I wish I could just come up with these insights and then someone else could write it. (This from the writer.) Really, I'm just lazy. Or I resist launching in. Or something! It's more fun to blog about writing than to write it. This is probably an audience issue. Writing for these editors, whom I greatly respect and wish to not offend, and for the academic audience in general has a lot to do with whether I'll get a job in the near future, on which much of my life seems to rest. Oy, I wish I had more time. But I chose to work on it at the last minute. Will I ever learn? OY!

Once this is done, I need to write another article, and then likely another, taking out pieces of my dissertation and sending it out before the fall job market hoopla starts, so at least I can say that I've got work out there. I think three articles for someone who's been out of grad school for a year is pretty reasonable. I need to work on academic work regularly, instead of this writing binge I'm engaging in now. It's stupid to do this. I've also got to remember that much academic writing is not so well written.
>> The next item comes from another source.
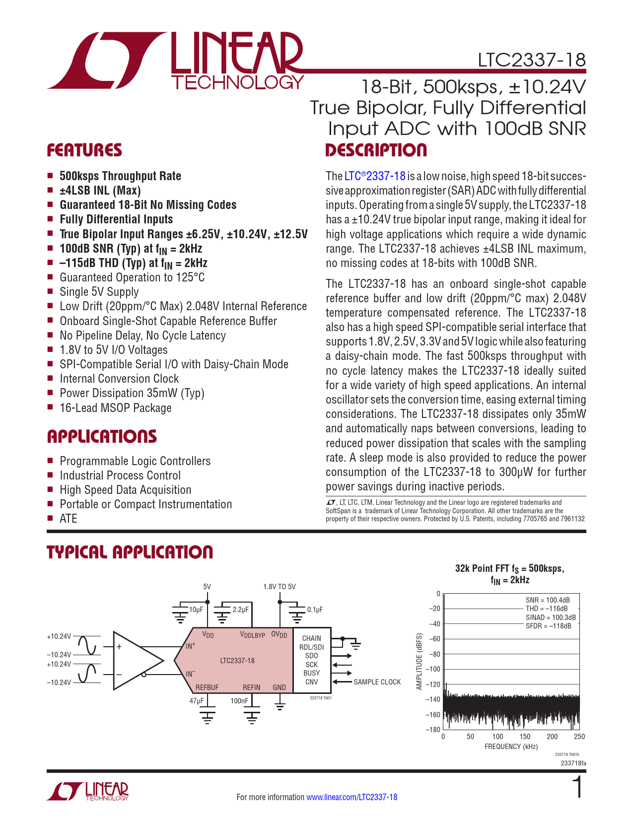 LTC2337-18 18-Bit, 500ksps, ±10.24V True Bipolar, Fully Differential Input ADC with 100dB SNR FEATURESDESCRIPTION n 500ksps Throughput Rate The LTC®2337-18 is a low noise, high speed 18-bit succes- n ±4LSB INL (Max) sive approximation register (SAR) ADC with fully differential n Guaranteed 18-Bit No Missing Codes inputs. Operating from a single 5V supply, the LTC2337-18 n Fully Differential Inputs has a ±10.24V true bipolar input range, making it ideal for n True Bipolar Input Ranges ±6.25V, ±10.24V, ±12.5V high voltage applications which require a wide dynamic n 100dB SNR (Typ) at fIN = 2kHz range. The LTC2337-18 achieves ±4LSB INL maximum, n –115dB THD (Typ) at fIN = 2kHz no missing codes at 18-bits with 100dB SNR. n Guaranteed Operation to 125°C The LTC2337-18 has an onboard single-shot capable n Single 5V Supply reference buffer and low drift (20ppm/°C max) 2.048V n Low Drift (20ppm/°C Max) 2.048V Internal Reference temperature compensated reference. The LTC2337-18 n Onboard Single-Shot Capable Reference Buffer also has a high speed SPI-compatible serial interface that n No Pipeline Delay, No Cycle Latency supports 1.8V, 2.5V, 3.3V and 5V logic while also featuring n 1.8V to 5V I/O Voltages a daisy-chain mode. The fast 500ksps throughput with n SPI-Compatible Serial I/O with Daisy-Chain Mode no cycle latency makes the LTC2337-18 ideally suited n Internal Conversion Clock for a wide variety of high speed applications. An internal n Power Dissipation 35mW (Typ) oscillator sets the conversion time, easing external timing n 16-Lead MSOP Package considerations. The LTC2337-18 dissipates only 35mW and automatically naps between conversions, leading to APPLICATIONS reduced power dissipation that scales with the sampling n rate. A sleep mode is also provided to reduce the power Programmable Logic Controllers n consumption of the LTC2337-18 to 300μW for further Industrial Process Control n power savings during inactive periods. High Speed Data Acquisition L n , LT, LTC, LTM, Linear Technology and the Linear logo are registered trademarks and Portable or Compact Instrumentation SoftSpan is a trademark of Linear Technology Corporation. All other trademarks are the n ATE property of their respective owners. Protected by U.S. Patents, including 7705765 and 7961132 TYPICAL APPLICATION32k Point FFT fS = 500ksps,fIN = 2kHz 5V 1.8V TO 5V 0 SNR = 100.4dB 10µF 2.2µF 0.1µF –20 THD = –116dB SINAD = 100.3dB –40 SFDR = –118dB +10.24V VDD VDDLBYP OVDD CHAIN –60 + IN+ RDL/SDI –10.24V SDO –80 +10.24V LTC2337-18 SCK – –100 IN– BUSY –10.24V CNV SAMPLE CLOCK REF REFBUF REFIN GND AMPLITUDE (dBFS) –120 233718 TA01 47µF 100nF –140 –160 –180 0 50 100 150 200 250 FREQUENCY (kHz) 233718 TA01b 233718fa For more information www.linear.com/LTC2337-18 1 Document Outline Features Applications Typical Application Description Absolute Maximum Ratings Order Information Pin Configuration Electrical Characteristics Converter Characteristics Dynamic Accuracy Internal Reference Characteristics Reference Buffer Characteristics Digital Inputs and Digital Outputs Power Requirements ADC Timing Characteristics Typical Performance Characteristics Pin Functions Functional Block Diagram Timing Diagram Applications Information Board Layout Package Description Revision History Typical Application Related Parts

It doesn't have to be brilliant. It has to be clear. It has to make sense. It has to make a clear contribution to the field. Period.
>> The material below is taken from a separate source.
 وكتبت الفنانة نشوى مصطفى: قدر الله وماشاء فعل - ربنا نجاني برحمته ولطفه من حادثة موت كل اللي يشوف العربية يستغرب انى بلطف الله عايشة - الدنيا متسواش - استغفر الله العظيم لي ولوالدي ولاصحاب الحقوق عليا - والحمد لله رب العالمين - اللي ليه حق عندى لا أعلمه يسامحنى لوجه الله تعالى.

Okay, work management, aka accountability blogging. I need to

1) add the stuff I think needs to be added immediately and make space for things I think probably need to be done that I'm not ready to do immediately

2) see if I can come up with a new outline for what I think would be pretty readable, seeing what's lost and gained

3) go back into the scholarship and draw connections and counter-arguments

4) fill in the gaps and do dumb formatting things

Today, I pretty much need to do 1 and 2. First I'll add the stuff I'm going to add. Then I'll reorganize, cutting and pasting and getting a sense of what is lost and gained. Then I think I have to let it rest. I have a plan! A plan!

***Update 6:30pm***

Wow, did I really start blogging around 12:30 and I'm only done with work now? I do remember how to work!
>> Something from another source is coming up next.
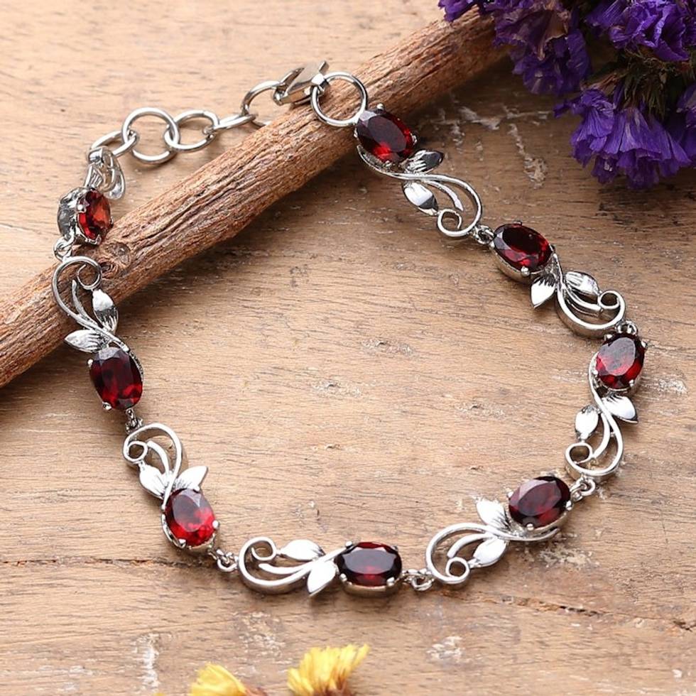 Rhodium-Plated and Eight-Carat Natural Garnet Link Bracelet 'Scarlet Shimmer' Item ID: 2671623021

So I found myself really going over the piece sentence by sentence, mostly taking things out and reordering. I stopped at the point where I got to the pages where all this other scholarship needs to be put in. It's clear to me that I'm not going to be able to add scholarship in each place they've noted it, because the whole piece would become way too long. But I think that I've put a strong new organization in place -- and the scholarship problems are those I think I can research individually, making them bite-sized pieces I might be able to work on piecemeal -- if I can ever really get myself to get up early. Oh! I give a test tomorrow in my SAT class, so I'll have plenty of time to work on this. Wow, I'm good! Solved that problem. I just have to remember to put the books in my bag. Better do that now. I've also got to remember to do the stuff I need to do for the SAT class. Like send my students some emails. Then I'm going to enjoy the rest of my Sunday!